1. Describe your greedy algorithm clearly and concicely, in words or in pseudocode.
2. Demonstrate how your algorithm works with a small but meaningful example.
3. Analyze the worst-case big-O running time of your greedy algorithm, in terms of the number of friends n and the number of relationships m. For full credit, your algorithm just needs to be polynomial-time. However, there will be a tangible prize for any idividual or group that gets the correct greedy algorithm with the best possible running time.
4. Either come up with a counterexample to demonstrate some input where your algorithm does not produce the optimal solution, or explain how you know that your algorithm always produces the optimal solution for any possible input.

3.1 Variant 1 description

Dave has n friends and he wants to invite as many as possible to his party. But some of his friends absolutely hate each other and would not have fun if the other person were invited.

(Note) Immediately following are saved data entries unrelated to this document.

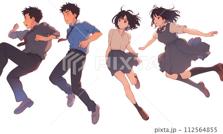 ジャンプする若い男女の学生のイラスト(AI生成画像)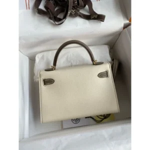 Hermes Kelly Mini II Sellier Bicolor Handmade Bag in Nata and Taupe Epsom Calfskin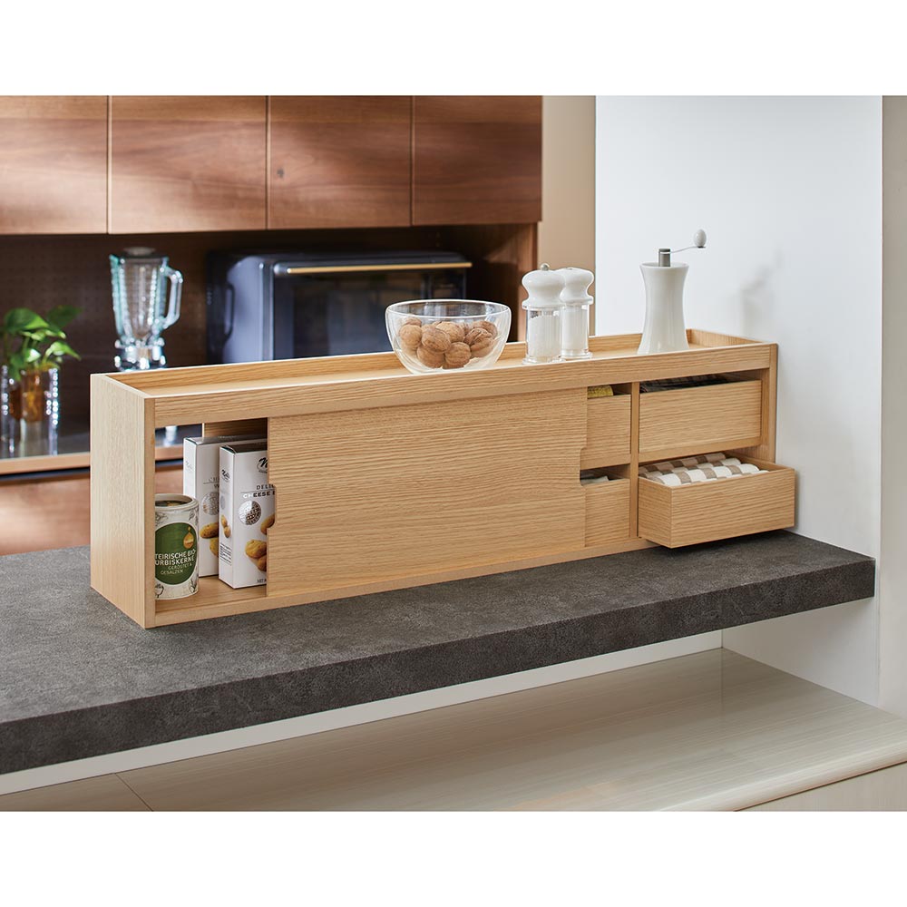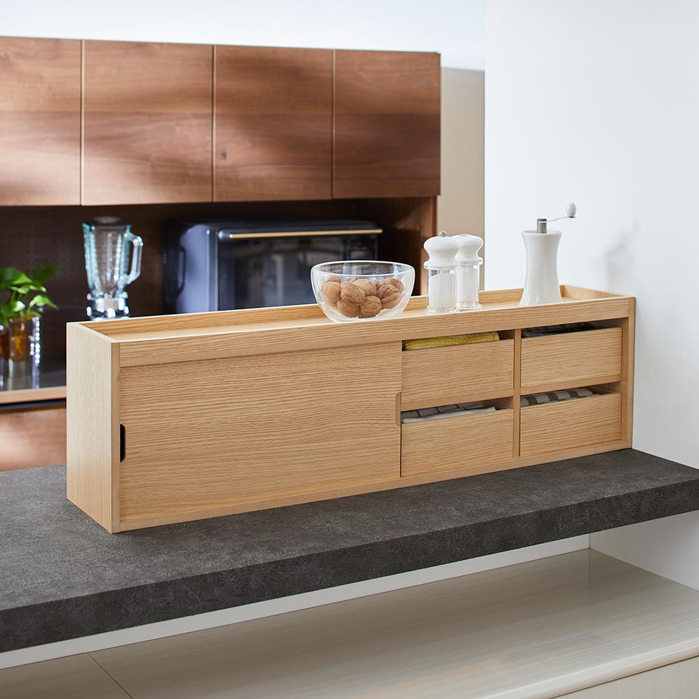 ■キッチンカウンターの返し天板の上に置くと、何かと重宝するカウンター上収納庫。■昨今増えてきたあまりスペースのない返し天板上にもちゃんと収まる薄型の収納庫です。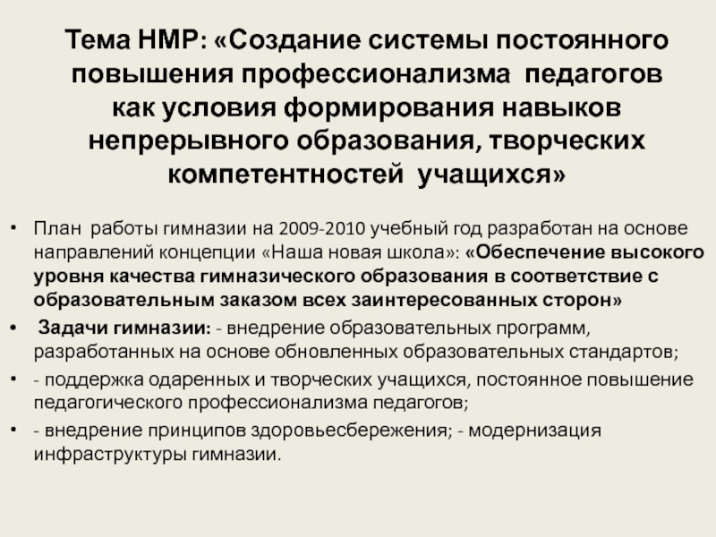 План работы гимназии на 2009-2010 учебный год разработан на основе направлений концепции «Наша новая школа»: «Обеспечение высокого уровня качества гимназического образования в соответствие с образовательным заказом всех заинтересованных сторон»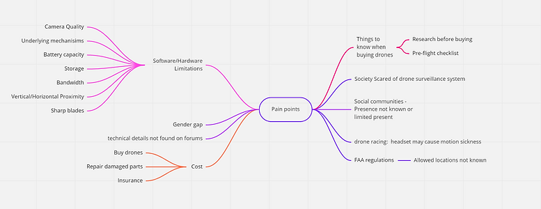 Figure 1: Mind Map (Pain point, community experience and interaction with flying drones)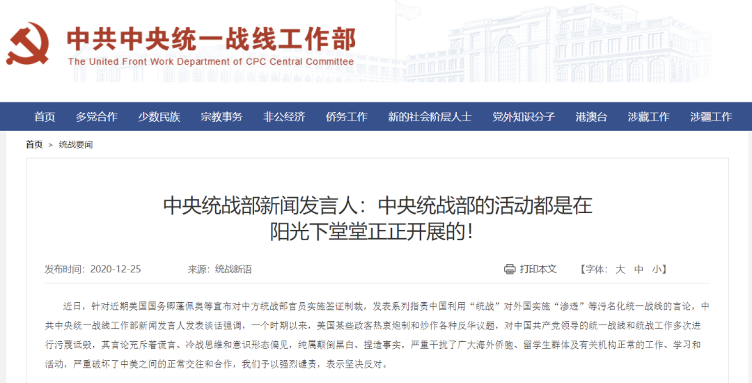 近日,針對(duì)近期美國(guó)國(guó)務(wù)卿蓬佩奧等宣布對(duì)中方統(tǒng)戰(zhàn)部官員實(shí)施簽證制裁,發(fā)表系列指責(zé)中國(guó)利用“統(tǒng)戰(zhàn)”對(duì)外國(guó)實(shí)施“滲透”等污名化統(tǒng)一戰(zhàn)線(xiàn)的言論,中共中央統(tǒng)一戰(zhàn)線(xiàn)工作部新聞發(fā)言人發(fā)表談話(huà)強(qiáng)調(diào),一個(gè)時(shí)期以來(lái),美國(guó)某些政客熱衷炮制和炒作各種反華議題,對(duì)中國(guó)共產(chǎn)黨領(lǐng)導(dǎo)的統(tǒng)一戰(zhàn)線(xiàn)和統(tǒng)戰(zhàn)工作多次進(jìn)行污蔑詆毀,其言論充斥著謊言、冷戰(zhàn)思維和意識(shí)形態(tài)偏見(jiàn),純屬顛倒黑白、捏造事實(shí),嚴(yán)重干擾了廣大海外僑胞、留學(xué)生群體及有關(guān)機(jī)構(gòu)正常的工作、學(xué)習(xí)和活動(dòng),嚴(yán)重破壞了中美之間的正常交往和合作,我們予以強(qiáng)烈譴責(zé),表示堅(jiān)決反對(duì)。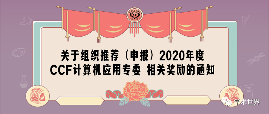 关于组织推荐(申报)2020年度CCF计算机应用专委 相关奖励的通知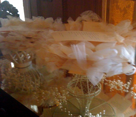 The day of the wedding, the programs were arranged on silver trays and placed by the door for the guests. They made an elegant display with scattered pearls placed underneath.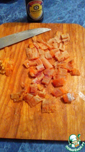 Пока варятся овощи, копченую рыбу разделать на филе, очистить от шкурки

Given the list of n friends, and then m pairs of friends that hate each other, Dave needs to find the largest number of friends to invite such that none of them hate each other.

4 Party Planning version 2

The instructions are the same as in the first variant. Remember, only one of these two variants has a greedy algorithm that always gives the optimal solution. Either way, you need to come up with a greedy algorithm that is as good as possible.

4.1 Variant 2 description

Eva has n friends and she wants them to have a great time at her party. Some of her friends know each other already, and some of them do not. (But none of them hate each other; they are nice people.) Eva has decided that everyone she invites should know at least 2 other people, and should also not know at least one other person at the party.

Given the list of n friends, and then m pairs of friends that already know each other, Eva needs to find the largest number of friends to invite so that all of them know at least 2 other invitees, and all of them do not know at least 1 other invitee.